### Task to carry out
Please write out only the lines from the line with "Elegancki 7‑elementowy zestaw" to the line with "Чтобы узнать, каким", inclusive, exactly as they stand below, without the pictures.

### Task data
◇ ◇ ◇
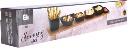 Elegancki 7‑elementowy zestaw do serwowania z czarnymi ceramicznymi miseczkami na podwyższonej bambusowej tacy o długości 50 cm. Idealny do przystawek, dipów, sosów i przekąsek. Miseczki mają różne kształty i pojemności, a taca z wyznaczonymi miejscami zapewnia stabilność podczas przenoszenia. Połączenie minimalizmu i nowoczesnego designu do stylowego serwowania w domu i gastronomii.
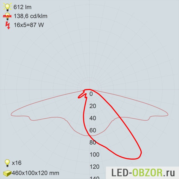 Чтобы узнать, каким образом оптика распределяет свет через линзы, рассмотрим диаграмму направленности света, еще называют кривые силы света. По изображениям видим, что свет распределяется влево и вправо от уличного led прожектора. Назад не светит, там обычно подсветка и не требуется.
◇ ◇ ◇
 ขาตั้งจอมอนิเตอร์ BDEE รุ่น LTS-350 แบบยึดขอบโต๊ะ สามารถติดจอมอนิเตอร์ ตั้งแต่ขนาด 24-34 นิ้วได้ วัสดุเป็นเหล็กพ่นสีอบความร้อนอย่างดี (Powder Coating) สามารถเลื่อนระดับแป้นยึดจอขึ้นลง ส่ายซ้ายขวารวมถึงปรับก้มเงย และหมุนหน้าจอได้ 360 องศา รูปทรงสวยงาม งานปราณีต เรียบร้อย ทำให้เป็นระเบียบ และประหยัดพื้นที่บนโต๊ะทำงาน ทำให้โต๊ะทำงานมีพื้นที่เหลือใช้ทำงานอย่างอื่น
◇ ◇ ◇
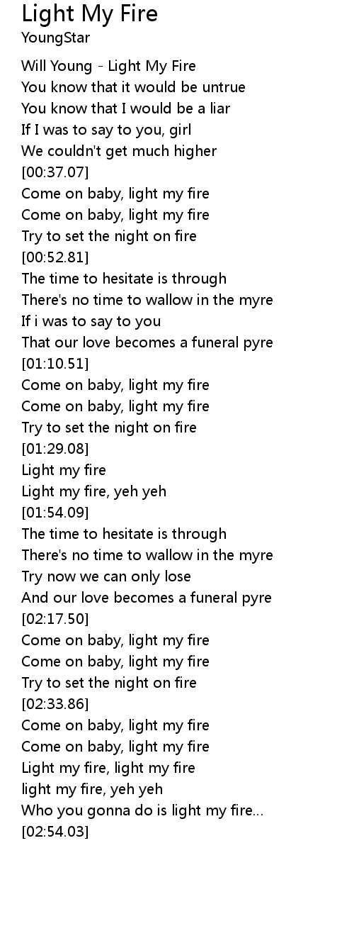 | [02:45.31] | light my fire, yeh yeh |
◇ ◇ ◇
### Solution to this problem
 Elegancki 7‑elementowy zestaw do serwowania z czarnymi ceramicznymi miseczkami na podwyższonej bambusowej tacy o długości 50 cm. Idealny do przystawek, dipów, sosów i przekąsek. Miseczki mają różne kształty i pojemności, a taca z wyznaczonymi miejscami zapewnia stabilność podczas przenoszenia. Połączenie minimalizmu i nowoczesnego designu do stylowego serwowania w domu i gastronomii.
 Чтобы узнать, каким образом оптика распределяет свет через линзы, рассмотрим диаграмму направленности света, еще называют кривые силы света. По изображениям видим, что свет распределяется влево и вправо от уличного led прожектора. Назад не светит, там обычно подсветка и не требуется.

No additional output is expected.